These meta-analyses suggest several implications of our results for the joint operation of race, age, and gender in producing associations linking Black women and Black girls with danger. First, evidence for racial bias emerged across target age and target gender: Blacks of both ages and genders were more closely associated with danger than were their White counterparts. An important nuance emerged, however; even though racial bias was stronger for Black females than for White females, it was weaker for Black females than for Black males. This pattern parallels findings that Black females are seen as non-prototypical of both the category “female” and the category “Black” (e.g., Goff et al., 2008; Schug et al., 2015; Thomas et al., 2014); this pattern also aligns with findings that Black females are more likely than White females, but less likely than Black males, to be rated as possessing masculine traits (e.g., Ghavami & Peplau, 2013).

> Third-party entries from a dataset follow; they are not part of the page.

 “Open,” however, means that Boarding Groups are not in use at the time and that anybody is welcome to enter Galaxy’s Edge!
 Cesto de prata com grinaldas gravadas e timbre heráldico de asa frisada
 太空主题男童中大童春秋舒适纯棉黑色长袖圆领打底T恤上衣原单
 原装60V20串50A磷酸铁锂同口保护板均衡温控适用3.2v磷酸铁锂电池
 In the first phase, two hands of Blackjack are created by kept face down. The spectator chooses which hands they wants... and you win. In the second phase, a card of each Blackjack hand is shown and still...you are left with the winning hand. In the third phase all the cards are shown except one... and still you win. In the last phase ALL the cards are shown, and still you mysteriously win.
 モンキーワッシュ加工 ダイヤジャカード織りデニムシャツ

Age bias also emerged here, with adults being more closely associated with danger than were children, albeit with greater strength for male targets than female targets. Finally, gender bias emerged only for Black targets and adult targets; there was no evidence of gender bias for White targets and child targets. Speaking to our original question of whether Black women and Black girls are associated with danger, these findings suggest that Black women and Black girls collectively appear to be (a) more closely associated with danger than are White females (i.e., racial bias) and (b) less closely associated with danger than are Black males (i.e., gender bias). In addition, (c) Black children appear to be less closely associated with danger than are Black adults (i.e., age bias).

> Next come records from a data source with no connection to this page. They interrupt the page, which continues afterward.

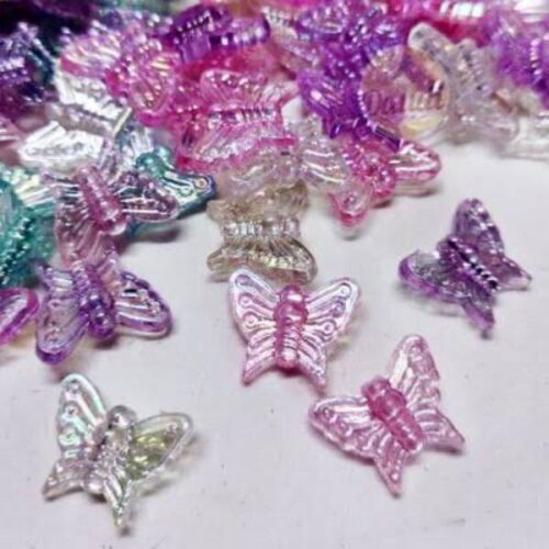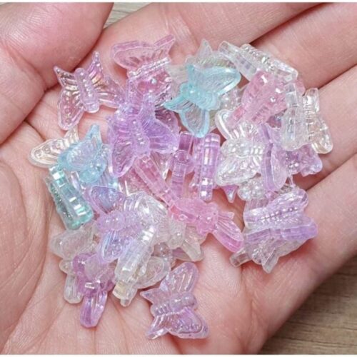 Miçangas Borboletas Translúcidas Irisadas – 10gr – Aprox 30pçs
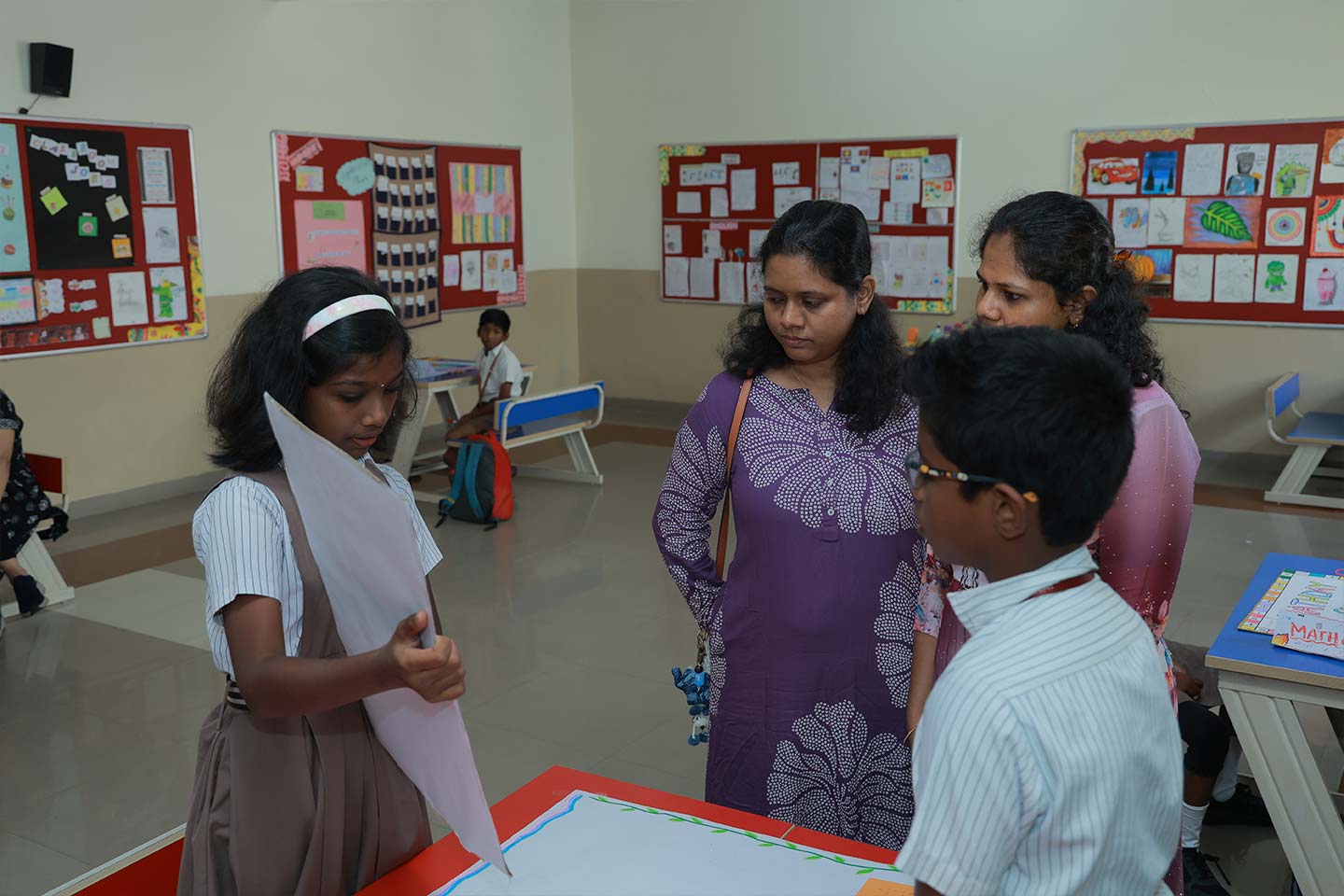 Creativity and cultural connections were highlighted through math in art, kolam patterns, symmetry activities, and origami shapes, while collaborative games and problem-solving tasks encouraged teamwork and critical thinking. Parents actively engaged with students by asking questions and participating in challenges, making the learning experience more interactive and meaningful.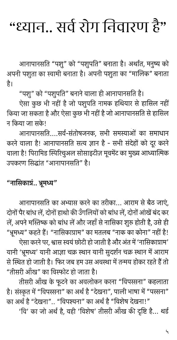 इस जगत की सबसे सरल ध्यान पद्धति आनापानसति है! इस सत्य को जानकार, ब्रह्मर्षि पितामह पत्री जी ने ध्यान के बारे में सखोल स्वरूप से इस पुस्तक में बताया है। सत्य पहचानने हेतु शोध करने वाले लोगों के लिए अंत तक पहुंचने की स्थिति ही आनापानसति है। वहीं से उनकी असली आध्यात्मिक यात्रा शुरू होती है!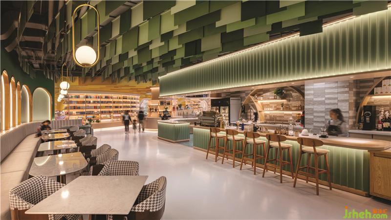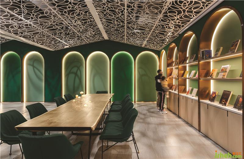 第三個(gè)區(qū)域是綠色調(diào)子的親子餐廳,由三個(gè)不同的功能區(qū)域組成:兒童書店設(shè)計(jì)橢圓劇場(chǎng)周圍的平臺(tái)用餐區(qū),開放式廚房對(duì)面的長椅就座區(qū)以及激光切割白色金屬板制成描繪花園洋房的形狀的VIP區(qū)。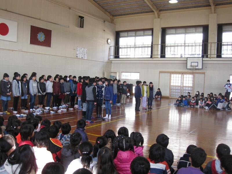 1年生~5年生から、6年生へ歌や劇などのプレゼントを贈りました。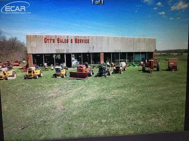 It is a garage type building, approx. 7000 sq ft. you could probably get up 10-15 cars inside it has a half dozen garage doors. It's built on a slab. Formerly used as Otts Sales and service. There is no septic or well on this property!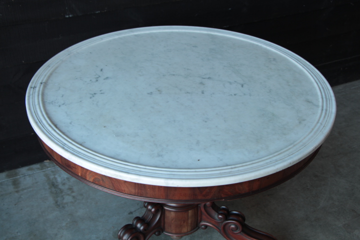 Guéridon Louis-philippe avec marbre blanc de carrare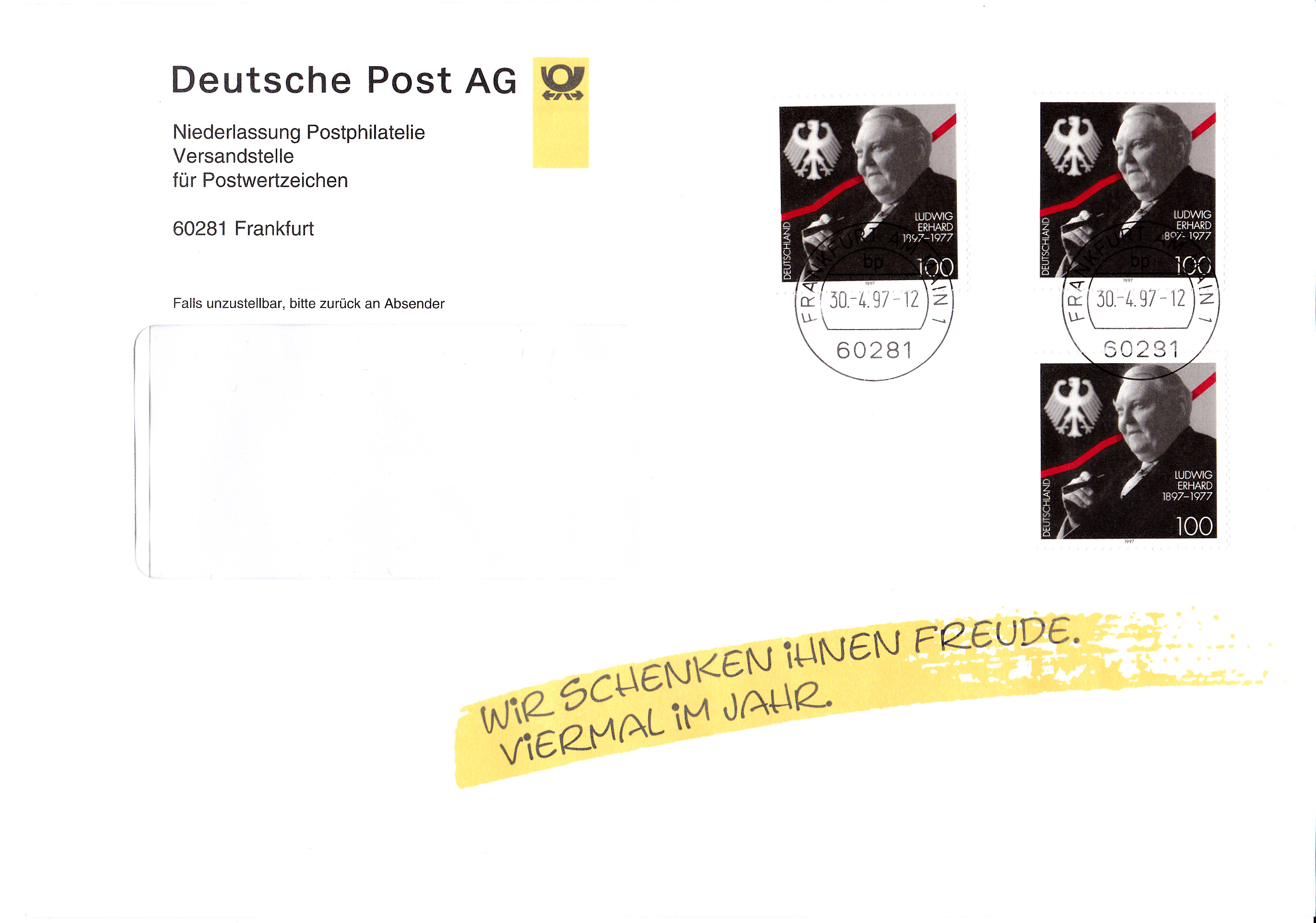 Drei Werte der Sondermarke 100. Geburtstag von Ludwig Erhard (MiNr 1904) sind hier auf einem Umschlag der Versandstelle für Postwertzeichen am 30.4.1997 zur Frankatur eines Briefes von 51 bis 500 g benutzt worden.

Implications and Future Research Directions

Collectively, these findings suggest that, across age, Black females, like Black males, may be more closely associated with danger than their White counterparts are. Because of this association, Black females may experience negative downstream outcomes, potentially including the tendency to be mistakenly shot when unarmed at rates higher than those for unarmed White females, as has been observed for unarmed Black men relative to unarmed White men (Correll et al., 2002; Hall, Hall, & Perry, 2016; but see Cesario, Johnson, & Terrill, 2018). At the same time, these results suggest that the magnitude of these racial biases may be smaller for Black females than Black males. A more complete understanding of the downstream implications of these results will require future research that systematically investigates how different target identities interact to affect shooting decisions.

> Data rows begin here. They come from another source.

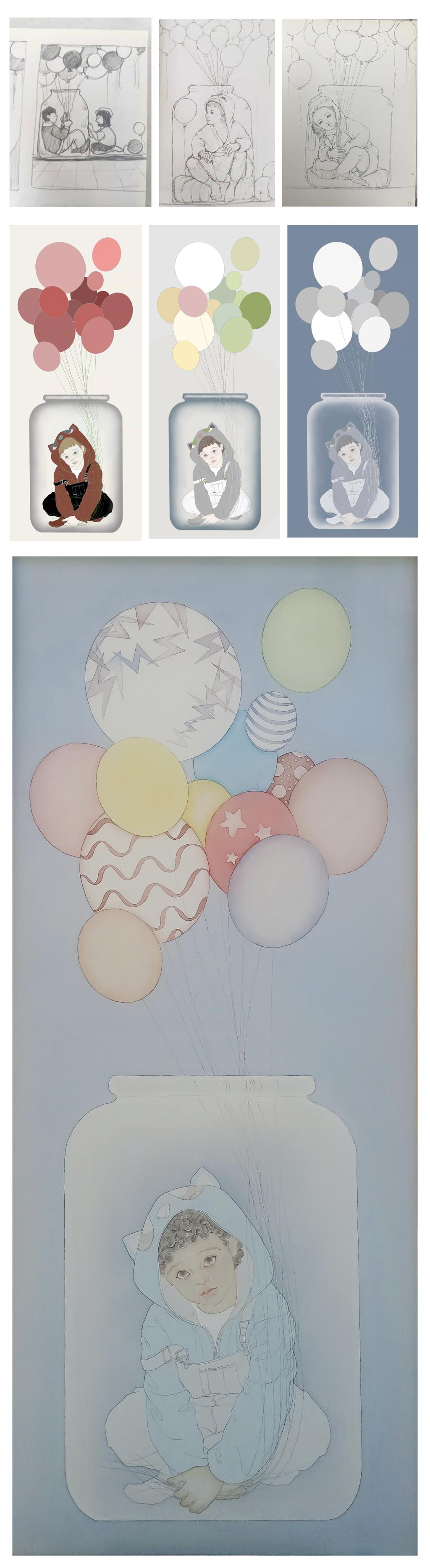 画这幅画的时候想起以前看到过的一个小孩子,内向又羞怯,沉浸在自己的世界里,明明有着孩童的外表却缺少了小孩子的笑容。他身上的孤独气息令人心疼,就好像瓶子中的娃娃,望着外面的世界,却无法触碰。
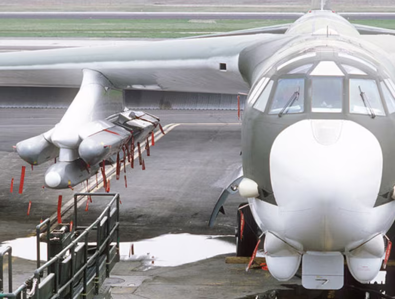 ANTD.VN - Tên lửa hành trình tấn công mặt đất AGM-86 có tầm bắn lên đến 2.500km cho phép máy bay ném bom chiến lược B-52 diệt mục tiêu ngoài tầm của mọi hệ thống phòng không. Đây được coi là tên lửa ngang tài ngang sức với Kh-101 của Nga.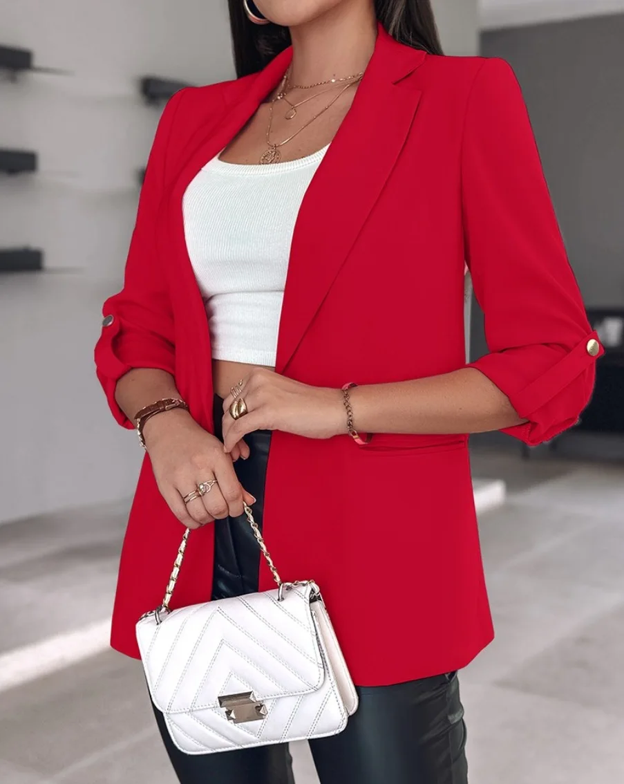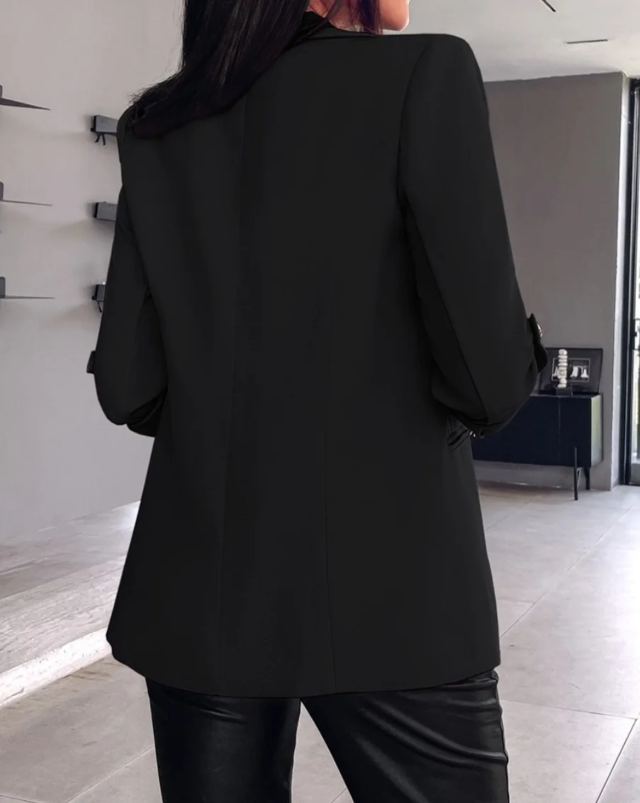 Women Notched Long Lantern Sleeve Slim Solid Business Pocket Cardigan Blazer Coats Outwear SZE-ST24137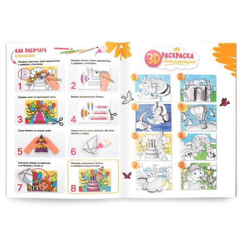 Раскраска-аппликация 3D. Для девочек. А4 16л.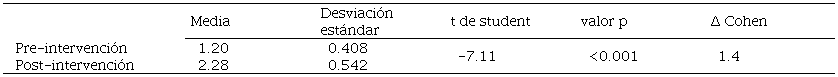 Para el análisis de datos se empleó el paquete del programa Statistical Package for the Social Sciences (SPSS) versión 25. Se realizó análisis estadístico descriptivo, frecuencia y porcentaje para las variables categóricas, así como media y desviación estándar para variables numéricas. Para el análisis estadístico inferencial, se emplearon las pruebas estadísticas, McNemar para comparar variables categóricas dicotómicas y Chi2 para variables nominales; t de student para muestras relacionadas para comparar las medias antes y después de la intervención, así como la d de Cohen para calcular el tamaño del efecto.

As noted earlier, sequential-priming tasks are assumed to assess the strength with which different social categories (e.g., Black men) are associated with danger, but the implicit racial bias revealed in such tasks could also reflect knowledge about actual racial differences in access to guns or in gun violence victimization. Of course, such concerns are not unique to sequential-priming tasks; they apply to all so-called “implicit” measures of racial bias. Indeed, all mental associations, as assessed with implicit measures like those used here, are silent on their precise origin (Gawronski, Peters, & LeBel, 2008). Thus, it is possible that perceivers’ associations linking Blacks versus Whites with danger may have developed because of knowledge about actual racial differences in access to guns, gun violence victimization, or exposure to dangerous environments.

The current findings suggest several additional directions for future research. For example, our face primes were restricted to children and relatively young adults, so the question remains whether racial biases in danger associations generalize to middle-aged and older adult targets. Past research has found mixed evidence for racial bias in danger associations for older Black versus White men (e.g., Kang & Chasteen, 2009; Lundberg et al., 2018); future work could examine danger associations for older Black versus White women.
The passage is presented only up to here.